Requirement: Copy out, from the entries below, each line that holds the string "shirt".

Data shown:

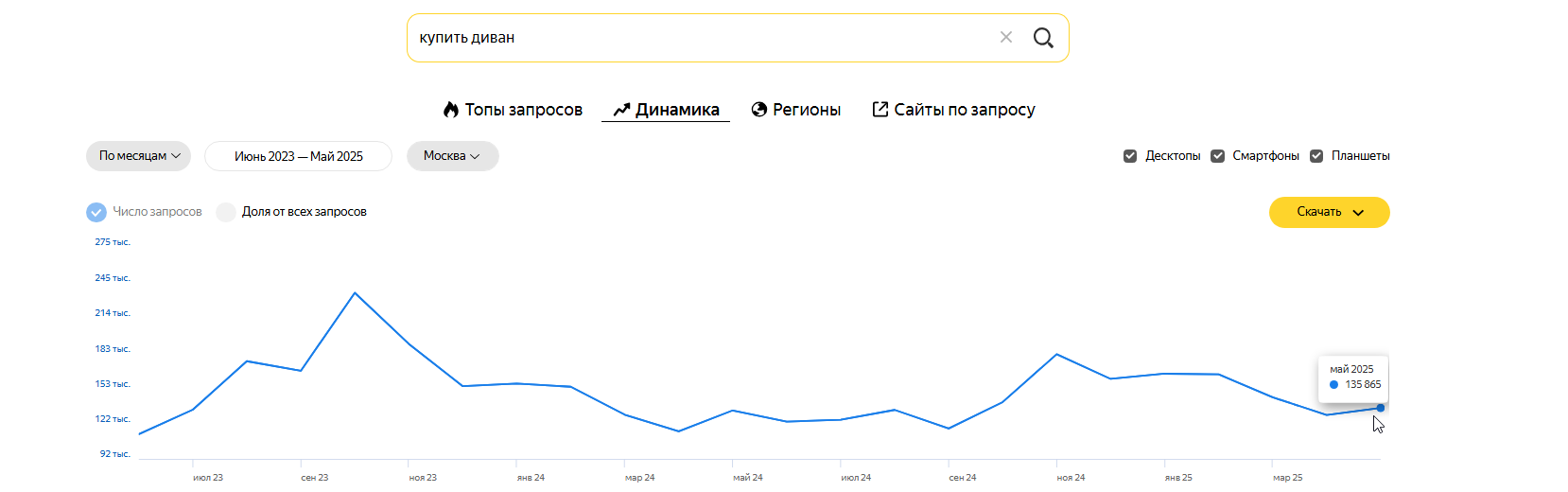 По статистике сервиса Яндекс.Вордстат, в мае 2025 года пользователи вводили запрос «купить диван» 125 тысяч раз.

---

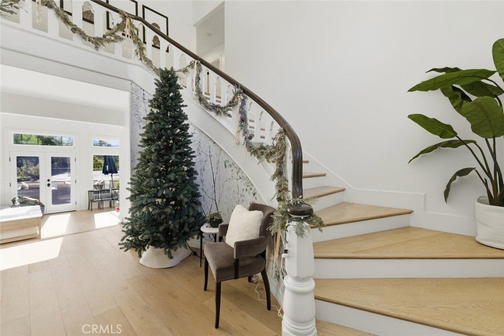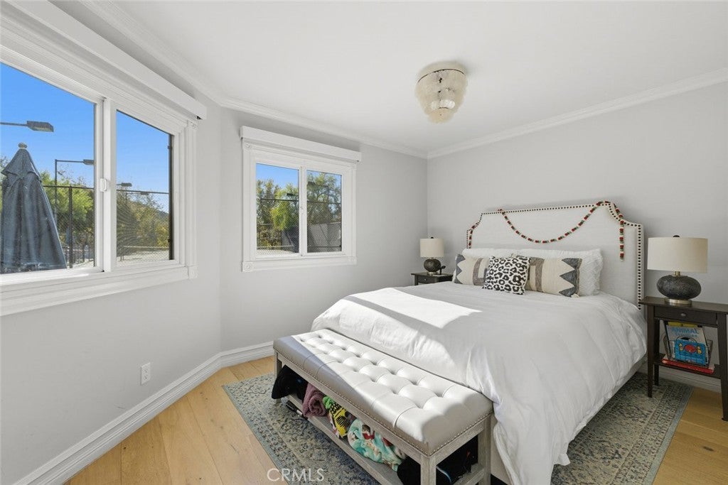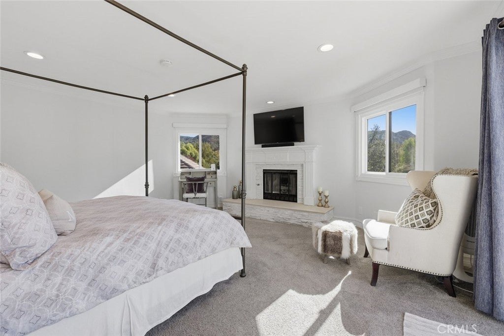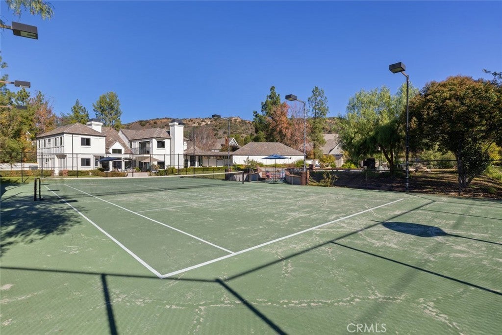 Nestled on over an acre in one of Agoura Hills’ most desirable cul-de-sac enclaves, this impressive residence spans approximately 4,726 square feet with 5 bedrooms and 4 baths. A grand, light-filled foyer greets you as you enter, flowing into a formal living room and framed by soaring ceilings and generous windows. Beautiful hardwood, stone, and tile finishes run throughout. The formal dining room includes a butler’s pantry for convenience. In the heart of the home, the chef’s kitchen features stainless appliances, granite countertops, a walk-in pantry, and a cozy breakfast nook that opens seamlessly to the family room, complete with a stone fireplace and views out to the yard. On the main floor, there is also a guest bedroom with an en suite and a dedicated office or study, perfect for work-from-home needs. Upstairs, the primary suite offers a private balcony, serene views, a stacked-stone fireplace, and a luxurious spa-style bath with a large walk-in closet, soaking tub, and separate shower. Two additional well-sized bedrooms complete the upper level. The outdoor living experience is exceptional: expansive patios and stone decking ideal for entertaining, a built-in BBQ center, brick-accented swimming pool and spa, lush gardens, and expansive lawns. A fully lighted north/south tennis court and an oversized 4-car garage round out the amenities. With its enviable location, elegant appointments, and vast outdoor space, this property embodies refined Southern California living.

* * *

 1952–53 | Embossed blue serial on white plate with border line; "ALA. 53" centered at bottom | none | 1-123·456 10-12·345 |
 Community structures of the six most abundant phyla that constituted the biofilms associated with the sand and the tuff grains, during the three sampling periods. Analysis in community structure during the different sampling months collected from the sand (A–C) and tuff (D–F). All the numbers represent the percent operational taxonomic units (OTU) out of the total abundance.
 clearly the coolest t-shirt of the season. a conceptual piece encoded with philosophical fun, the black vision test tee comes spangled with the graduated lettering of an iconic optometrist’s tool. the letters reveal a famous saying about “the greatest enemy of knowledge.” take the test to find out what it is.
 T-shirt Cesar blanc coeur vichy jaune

Solved exercise:
 clearly the coolest t-shirt of the season. a conceptual piece encoded with philosophical fun, the black vision test tee comes spangled with the graduated lettering of an iconic optometrist’s tool. the letters reveal a famous saying about “the greatest enemy of knowledge.” take the test to find out what it is.
 T-shirt Cesar blanc coeur vichy jaune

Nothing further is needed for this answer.